◆ Problem details:
Images stay out; everything else in the records is to be set down exactly.

*** Block opens ***

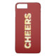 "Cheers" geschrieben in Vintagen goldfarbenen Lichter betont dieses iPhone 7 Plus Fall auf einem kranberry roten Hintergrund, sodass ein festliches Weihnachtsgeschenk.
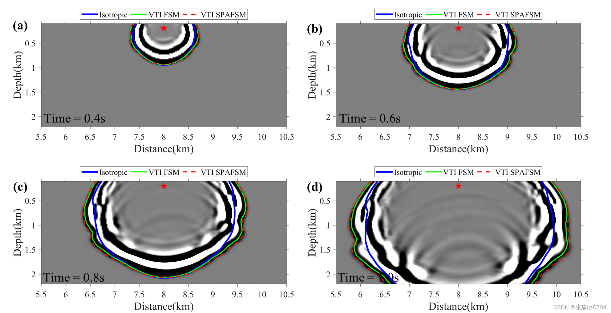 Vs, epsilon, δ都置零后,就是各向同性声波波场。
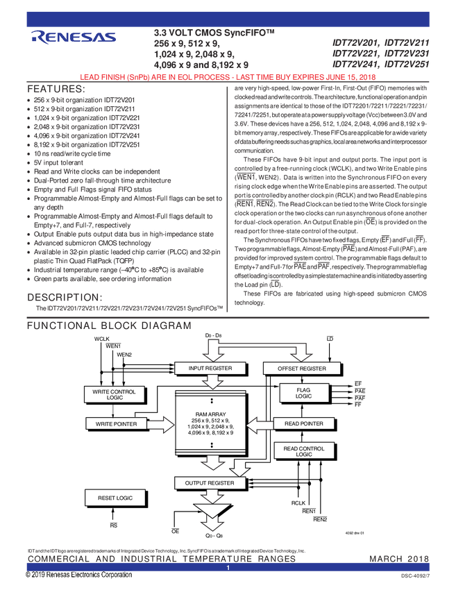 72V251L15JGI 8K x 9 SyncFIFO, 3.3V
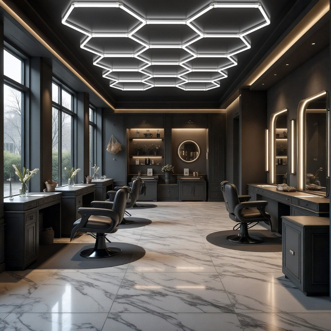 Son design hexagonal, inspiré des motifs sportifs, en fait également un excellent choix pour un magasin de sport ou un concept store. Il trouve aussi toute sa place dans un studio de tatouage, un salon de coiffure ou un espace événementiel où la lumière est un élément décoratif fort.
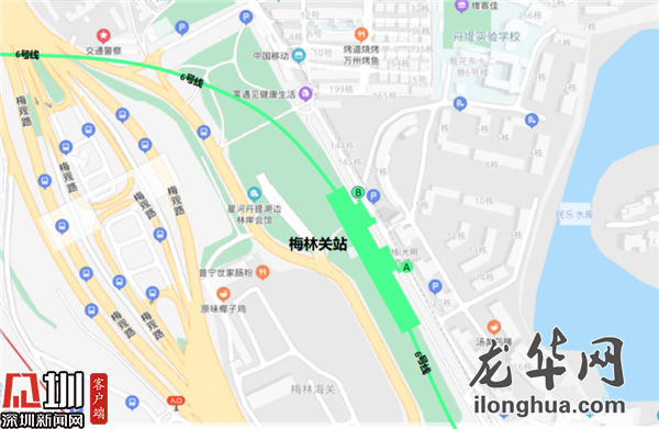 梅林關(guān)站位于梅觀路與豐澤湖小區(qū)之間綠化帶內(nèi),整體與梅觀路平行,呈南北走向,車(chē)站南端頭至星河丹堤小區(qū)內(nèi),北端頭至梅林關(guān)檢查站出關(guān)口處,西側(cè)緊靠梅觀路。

*** Block closes ***

◆ Task output:
 "Cheers" geschrieben in Vintagen goldfarbenen Lichter betont dieses iPhone 7 Plus Fall auf einem kranberry roten Hintergrund, sodass ein festliches Weihnachtsgeschenk.
 Vs, epsilon, δ都置零后,就是各向同性声波波场。
 72V251L15JGI 8K x 9 SyncFIFO, 3.3V
 Son design hexagonal, inspiré des motifs sportifs, en fait également un excellent choix pour un magasin de sport ou un concept store. Il trouve aussi toute sa place dans un studio de tatouage, un salon de coiffure ou un espace événementiel où la lumière est un élément décoratif fort.
 梅林關(guān)站位于梅觀路與豐澤湖小區(qū)之間綠化帶內(nèi),整體與梅觀路平行,呈南北走向,車(chē)站南端頭至星河丹堤小區(qū)內(nèi),北端頭至梅林關(guān)檢查站出關(guān)口處,西側(cè)緊靠梅觀路。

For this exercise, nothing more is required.